- _Your goal_
Word for word, return the lines from the top of the listing to the line containing "Sub Menu List", both ends included, and no others.

- _Supplied material_
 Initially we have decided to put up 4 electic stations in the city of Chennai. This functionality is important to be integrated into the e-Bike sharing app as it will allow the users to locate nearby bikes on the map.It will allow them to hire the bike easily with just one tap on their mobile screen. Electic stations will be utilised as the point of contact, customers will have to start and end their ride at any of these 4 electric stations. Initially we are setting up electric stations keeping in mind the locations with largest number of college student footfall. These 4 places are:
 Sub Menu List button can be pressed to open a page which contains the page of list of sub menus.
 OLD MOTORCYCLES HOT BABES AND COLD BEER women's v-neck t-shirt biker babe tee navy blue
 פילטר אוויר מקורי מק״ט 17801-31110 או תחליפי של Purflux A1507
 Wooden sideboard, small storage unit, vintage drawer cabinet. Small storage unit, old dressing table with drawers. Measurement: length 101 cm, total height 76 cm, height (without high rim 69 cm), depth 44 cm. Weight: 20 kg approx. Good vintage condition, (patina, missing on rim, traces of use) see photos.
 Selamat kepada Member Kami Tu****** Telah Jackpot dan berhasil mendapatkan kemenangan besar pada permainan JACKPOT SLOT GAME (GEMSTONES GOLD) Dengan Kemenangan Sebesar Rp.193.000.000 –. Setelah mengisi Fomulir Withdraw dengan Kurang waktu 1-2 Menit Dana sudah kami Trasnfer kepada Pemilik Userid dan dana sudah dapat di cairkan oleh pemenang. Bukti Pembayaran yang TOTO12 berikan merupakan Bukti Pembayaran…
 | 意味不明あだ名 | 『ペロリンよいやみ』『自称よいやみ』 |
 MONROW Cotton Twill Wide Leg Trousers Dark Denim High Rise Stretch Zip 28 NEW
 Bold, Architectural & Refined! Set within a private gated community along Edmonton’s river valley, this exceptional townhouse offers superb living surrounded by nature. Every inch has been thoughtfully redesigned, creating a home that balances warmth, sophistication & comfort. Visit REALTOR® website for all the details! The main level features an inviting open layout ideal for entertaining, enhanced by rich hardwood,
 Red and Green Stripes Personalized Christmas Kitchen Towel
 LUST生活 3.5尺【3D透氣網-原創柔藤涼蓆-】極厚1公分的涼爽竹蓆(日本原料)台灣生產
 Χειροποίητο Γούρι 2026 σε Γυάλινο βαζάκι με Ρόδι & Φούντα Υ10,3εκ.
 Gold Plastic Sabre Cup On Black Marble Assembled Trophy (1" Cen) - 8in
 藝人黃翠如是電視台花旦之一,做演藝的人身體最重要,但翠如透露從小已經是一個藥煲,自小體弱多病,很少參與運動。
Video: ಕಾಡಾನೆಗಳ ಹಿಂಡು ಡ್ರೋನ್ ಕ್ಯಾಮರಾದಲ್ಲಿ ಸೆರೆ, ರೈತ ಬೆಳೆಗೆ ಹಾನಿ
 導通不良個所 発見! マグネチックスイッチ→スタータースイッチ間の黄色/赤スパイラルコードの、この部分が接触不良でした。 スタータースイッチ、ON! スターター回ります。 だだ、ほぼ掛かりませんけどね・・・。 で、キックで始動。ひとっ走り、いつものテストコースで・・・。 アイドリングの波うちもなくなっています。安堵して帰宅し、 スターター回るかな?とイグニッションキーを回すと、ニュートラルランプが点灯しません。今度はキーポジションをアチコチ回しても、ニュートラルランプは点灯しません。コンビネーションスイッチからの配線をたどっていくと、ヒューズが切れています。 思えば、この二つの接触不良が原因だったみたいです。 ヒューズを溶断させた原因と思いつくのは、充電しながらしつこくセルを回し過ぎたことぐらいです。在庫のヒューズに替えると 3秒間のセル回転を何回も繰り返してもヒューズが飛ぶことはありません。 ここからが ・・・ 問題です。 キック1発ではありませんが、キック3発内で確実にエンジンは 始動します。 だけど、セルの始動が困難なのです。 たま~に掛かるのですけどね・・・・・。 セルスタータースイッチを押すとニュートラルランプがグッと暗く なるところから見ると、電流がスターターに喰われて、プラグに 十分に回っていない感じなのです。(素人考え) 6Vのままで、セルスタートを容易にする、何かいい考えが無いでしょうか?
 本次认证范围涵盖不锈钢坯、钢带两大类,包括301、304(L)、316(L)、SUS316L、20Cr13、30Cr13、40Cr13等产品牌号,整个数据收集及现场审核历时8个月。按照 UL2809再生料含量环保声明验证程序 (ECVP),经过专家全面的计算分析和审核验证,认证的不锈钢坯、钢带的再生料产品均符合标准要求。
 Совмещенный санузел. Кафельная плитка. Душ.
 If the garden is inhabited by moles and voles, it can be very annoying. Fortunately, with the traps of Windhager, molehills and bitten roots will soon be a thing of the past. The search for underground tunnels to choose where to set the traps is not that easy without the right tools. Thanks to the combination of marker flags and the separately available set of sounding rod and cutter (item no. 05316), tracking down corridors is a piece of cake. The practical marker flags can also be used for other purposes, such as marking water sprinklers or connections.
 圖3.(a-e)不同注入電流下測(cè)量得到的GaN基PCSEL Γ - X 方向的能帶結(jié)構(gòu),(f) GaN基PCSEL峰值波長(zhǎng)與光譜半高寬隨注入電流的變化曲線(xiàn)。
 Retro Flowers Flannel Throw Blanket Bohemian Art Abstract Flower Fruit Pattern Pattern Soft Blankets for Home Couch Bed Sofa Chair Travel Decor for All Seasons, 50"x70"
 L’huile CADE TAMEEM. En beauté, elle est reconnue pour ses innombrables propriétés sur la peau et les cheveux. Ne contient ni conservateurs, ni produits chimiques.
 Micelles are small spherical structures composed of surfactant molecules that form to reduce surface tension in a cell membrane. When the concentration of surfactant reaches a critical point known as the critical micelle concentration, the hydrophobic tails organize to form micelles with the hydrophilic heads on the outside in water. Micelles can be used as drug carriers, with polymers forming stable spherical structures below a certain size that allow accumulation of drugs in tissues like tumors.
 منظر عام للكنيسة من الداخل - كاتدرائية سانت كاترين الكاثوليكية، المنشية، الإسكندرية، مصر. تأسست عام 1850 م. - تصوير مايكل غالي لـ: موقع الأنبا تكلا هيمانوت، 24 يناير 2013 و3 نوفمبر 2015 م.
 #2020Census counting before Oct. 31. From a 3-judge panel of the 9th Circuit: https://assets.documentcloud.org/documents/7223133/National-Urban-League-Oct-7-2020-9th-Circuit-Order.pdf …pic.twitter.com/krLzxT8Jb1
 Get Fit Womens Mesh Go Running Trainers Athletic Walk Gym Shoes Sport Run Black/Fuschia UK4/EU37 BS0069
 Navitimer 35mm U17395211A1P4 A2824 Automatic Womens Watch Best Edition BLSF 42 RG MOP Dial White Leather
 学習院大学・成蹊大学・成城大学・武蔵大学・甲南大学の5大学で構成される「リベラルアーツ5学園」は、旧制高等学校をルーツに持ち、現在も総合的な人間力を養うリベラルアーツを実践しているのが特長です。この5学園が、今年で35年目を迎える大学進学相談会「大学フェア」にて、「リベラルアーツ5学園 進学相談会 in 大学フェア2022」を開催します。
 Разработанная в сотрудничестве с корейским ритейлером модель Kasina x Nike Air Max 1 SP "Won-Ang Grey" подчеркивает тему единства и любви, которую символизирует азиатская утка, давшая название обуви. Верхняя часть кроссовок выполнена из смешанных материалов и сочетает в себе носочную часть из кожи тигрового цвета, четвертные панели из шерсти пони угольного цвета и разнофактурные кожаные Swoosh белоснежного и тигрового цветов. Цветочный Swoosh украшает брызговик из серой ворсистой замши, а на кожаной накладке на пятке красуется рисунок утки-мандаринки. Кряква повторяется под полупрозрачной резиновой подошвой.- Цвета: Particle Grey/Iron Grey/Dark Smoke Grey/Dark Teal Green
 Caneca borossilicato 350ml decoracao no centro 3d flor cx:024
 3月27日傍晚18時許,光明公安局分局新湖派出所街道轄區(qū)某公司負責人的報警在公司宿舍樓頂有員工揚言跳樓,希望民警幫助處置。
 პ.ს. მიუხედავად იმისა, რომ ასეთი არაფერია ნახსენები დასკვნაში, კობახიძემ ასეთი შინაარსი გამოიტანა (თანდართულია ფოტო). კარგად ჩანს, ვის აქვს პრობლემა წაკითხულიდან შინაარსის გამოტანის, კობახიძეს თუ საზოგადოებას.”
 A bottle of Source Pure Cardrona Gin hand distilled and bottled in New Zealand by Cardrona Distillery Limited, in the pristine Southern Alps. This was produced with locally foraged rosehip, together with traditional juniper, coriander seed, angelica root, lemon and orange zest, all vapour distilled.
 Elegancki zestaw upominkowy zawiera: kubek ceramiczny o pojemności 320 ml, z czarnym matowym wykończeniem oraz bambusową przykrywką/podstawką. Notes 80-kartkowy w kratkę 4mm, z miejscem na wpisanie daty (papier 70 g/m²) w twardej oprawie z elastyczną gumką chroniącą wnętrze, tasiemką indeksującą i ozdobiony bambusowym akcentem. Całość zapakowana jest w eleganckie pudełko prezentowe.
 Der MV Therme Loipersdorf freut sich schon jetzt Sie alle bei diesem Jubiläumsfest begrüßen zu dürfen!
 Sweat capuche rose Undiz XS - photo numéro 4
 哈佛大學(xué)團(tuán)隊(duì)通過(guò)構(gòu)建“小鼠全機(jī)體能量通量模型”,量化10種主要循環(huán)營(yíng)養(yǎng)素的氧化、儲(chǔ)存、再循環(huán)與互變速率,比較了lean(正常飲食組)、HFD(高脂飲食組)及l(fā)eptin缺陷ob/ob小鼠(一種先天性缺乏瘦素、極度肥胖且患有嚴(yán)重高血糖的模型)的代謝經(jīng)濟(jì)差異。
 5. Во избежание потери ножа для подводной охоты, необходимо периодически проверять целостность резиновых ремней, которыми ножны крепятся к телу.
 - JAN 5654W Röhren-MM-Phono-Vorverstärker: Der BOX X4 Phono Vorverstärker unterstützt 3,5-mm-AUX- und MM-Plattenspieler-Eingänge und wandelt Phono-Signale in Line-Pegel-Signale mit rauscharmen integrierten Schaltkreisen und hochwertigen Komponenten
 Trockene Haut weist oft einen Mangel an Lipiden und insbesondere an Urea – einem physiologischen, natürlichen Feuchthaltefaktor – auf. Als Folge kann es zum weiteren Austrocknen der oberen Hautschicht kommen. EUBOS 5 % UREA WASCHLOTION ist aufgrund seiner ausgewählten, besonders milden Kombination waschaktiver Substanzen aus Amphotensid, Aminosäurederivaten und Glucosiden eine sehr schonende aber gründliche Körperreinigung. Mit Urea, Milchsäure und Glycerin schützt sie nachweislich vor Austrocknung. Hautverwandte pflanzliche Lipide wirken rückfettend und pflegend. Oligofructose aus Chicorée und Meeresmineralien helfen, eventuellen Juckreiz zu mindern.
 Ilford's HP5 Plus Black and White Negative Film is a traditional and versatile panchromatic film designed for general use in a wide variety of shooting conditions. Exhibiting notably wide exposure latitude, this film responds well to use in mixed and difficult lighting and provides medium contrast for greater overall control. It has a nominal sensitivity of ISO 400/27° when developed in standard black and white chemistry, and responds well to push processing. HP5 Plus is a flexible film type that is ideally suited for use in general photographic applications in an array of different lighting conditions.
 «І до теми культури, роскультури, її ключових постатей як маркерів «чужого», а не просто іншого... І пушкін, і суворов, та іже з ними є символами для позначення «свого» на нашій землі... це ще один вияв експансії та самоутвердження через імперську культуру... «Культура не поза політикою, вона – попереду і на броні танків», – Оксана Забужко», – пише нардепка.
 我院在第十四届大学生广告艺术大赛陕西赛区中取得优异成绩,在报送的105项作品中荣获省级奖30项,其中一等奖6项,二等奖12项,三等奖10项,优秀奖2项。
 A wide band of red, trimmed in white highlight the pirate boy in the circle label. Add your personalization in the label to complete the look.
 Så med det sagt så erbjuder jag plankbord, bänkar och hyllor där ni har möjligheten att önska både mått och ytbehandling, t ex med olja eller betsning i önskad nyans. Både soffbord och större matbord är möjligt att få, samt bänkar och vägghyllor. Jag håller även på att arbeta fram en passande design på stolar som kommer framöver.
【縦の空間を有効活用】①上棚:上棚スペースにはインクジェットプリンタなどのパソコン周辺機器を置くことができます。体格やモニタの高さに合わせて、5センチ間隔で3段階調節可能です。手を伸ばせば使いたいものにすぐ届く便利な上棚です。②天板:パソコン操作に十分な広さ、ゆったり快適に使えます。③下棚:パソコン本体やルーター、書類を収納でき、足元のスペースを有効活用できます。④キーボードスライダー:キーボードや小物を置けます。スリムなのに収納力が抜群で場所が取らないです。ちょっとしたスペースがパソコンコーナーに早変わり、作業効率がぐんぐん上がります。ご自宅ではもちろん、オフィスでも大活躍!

- _Written response_
 Initially we have decided to put up 4 electic stations in the city of Chennai. This functionality is important to be integrated into the e-Bike sharing app as it will allow the users to locate nearby bikes on the map.It will allow them to hire the bike easily with just one tap on their mobile screen. Electic stations will be utilised as the point of contact, customers will have to start and end their ride at any of these 4 electric stations. Initially we are setting up electric stations keeping in mind the locations with largest number of college student footfall. These 4 places are:
 Sub Menu List button can be pressed to open a page which contains the page of list of sub menus.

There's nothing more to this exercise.